Quem já trabalhou com jornalismo investigativo ou atuou nos bastidores de movimentos sociais e indígenas sabe da existência de um aparato de monitoramento realizado por um serviço de inteligência do governo, das polícias e até mesmo do Exército com a finalidade subsidiar as autoridades a tomar decisões e acompanhar o avanço de mobilizações ou movimentos que, por ventura, possam sair do controle.
Quase duas décadas atrás, quando a internet no jornalismo não existia e o jornalista tinha que ir para a rua, informações de fontes de serviço de inteligência foram responsáveis por furos jornalísticos importantes na própria Folha de Boa Vista. No entanto, um aparato de monitoramento político por qualquer esfera de governo é um assunto temoroso, pois pode significar a montagem de uma estrutura paralela de espionagem com poderes ilimitados dentro de um governo.
Já temos um exemplo em Brasília, no governo passado, em que a Agência Brasileira de Inteligência (Abin) foi transformada em instrumento político de arapongagem contra ministros do Supremo Tribunal Federal (STG), parlamentares, jornalistas e lideranças políticas. Os desdobramentos dessas investigações, pela Polícia Federal, ainda terão amplas consequências para a política brasileira.
Nem precisa ir longe com os exemplos. A disputa pelo poder na Assembleia Legislativa de Roraima, quando houve um levante para destituir o presidente da Casa, o então deputado Jalser Renier, contou em seu barulhento enredo com denúncia de espionagem, em 2021, cujo episódio terminou com a destituição de Renier do cargo de presidente e a cassação de seu mandato em 2022.
Então, não é sem sentido a preocupação dos deputados com a existência de uma estrutura dentro da Casa Civil para fazer qualquer tipo de monitoramento a autoridades e servidores, especialmente dentro do espaço democrático de fazer reivindicações, como foi o caso em questão. Se não haveria oposição dentro da Assembleia nem qualquer risco de um movimento de agentes de policiais penais em manifestação, então por que monitorar e produzir relatório com imagens?
O mínimo que se poderia imaginar é documentar a participação nos atos e registrar imagens para futuras retaliações políticas e profissionais, o que já seria preocupante. O máximo seria a possibilidade de uma estrutura paralela de espionagens para fins obscuros, serviço este que poderia ganhar outros viés em mãos erradas, principalmente sem conhecimento de aliados, a exemplo dos próprios parlamentares.

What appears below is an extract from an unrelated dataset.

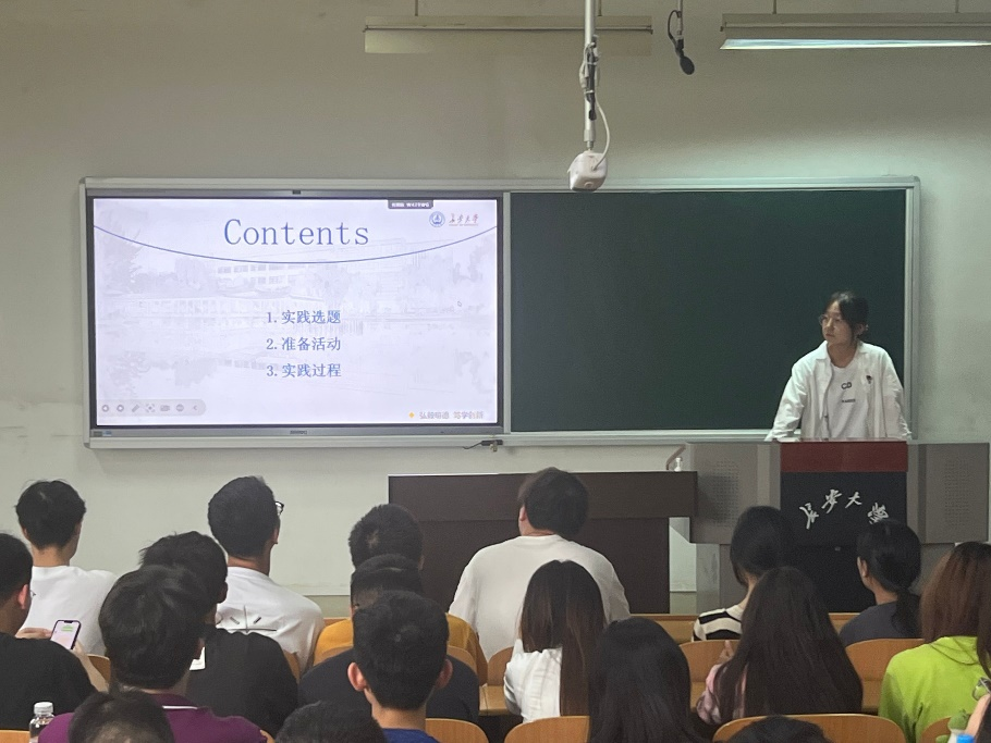 往届暑期社会实践优秀宣传员田博远、优秀团队负责人侯瑶向同学们分享社会实践经验。田博远强调了实践活动及时记录宣传的重要性,指出要以视频、照片、文字等多种形式进行细致的记录,并联系主流媒体进行广泛宣传;侯瑶同学从实践选题、准备活动和实践过程三个方面进行详细介绍并分享经验。

Serviço de arapongagem (investigação clandestina) tem o mesmo risco da existência de grupo de extermínio, cuja justificativa para a montagem de uma milícia seria a eliminação de bandidos para favorecer a sociedade, mas que fatalmente se torna um poder paralelo que passa a desafiar os poderes constituídos. Logo, a arapongagem para fins políticos é um grande perigo para o Estado democrático de direito.
É preciso passar bem a limpo essa denúncia feita pelos deputados, que resultou no racha político com o governo, para que a sociedade tenha certeza de que realmente não exista um órgão paralelo do governo que esteja agindo ao arrepio da lei, desrespeitando os limites legais e os direitos individuais, que é a base de uma sociedade democrática.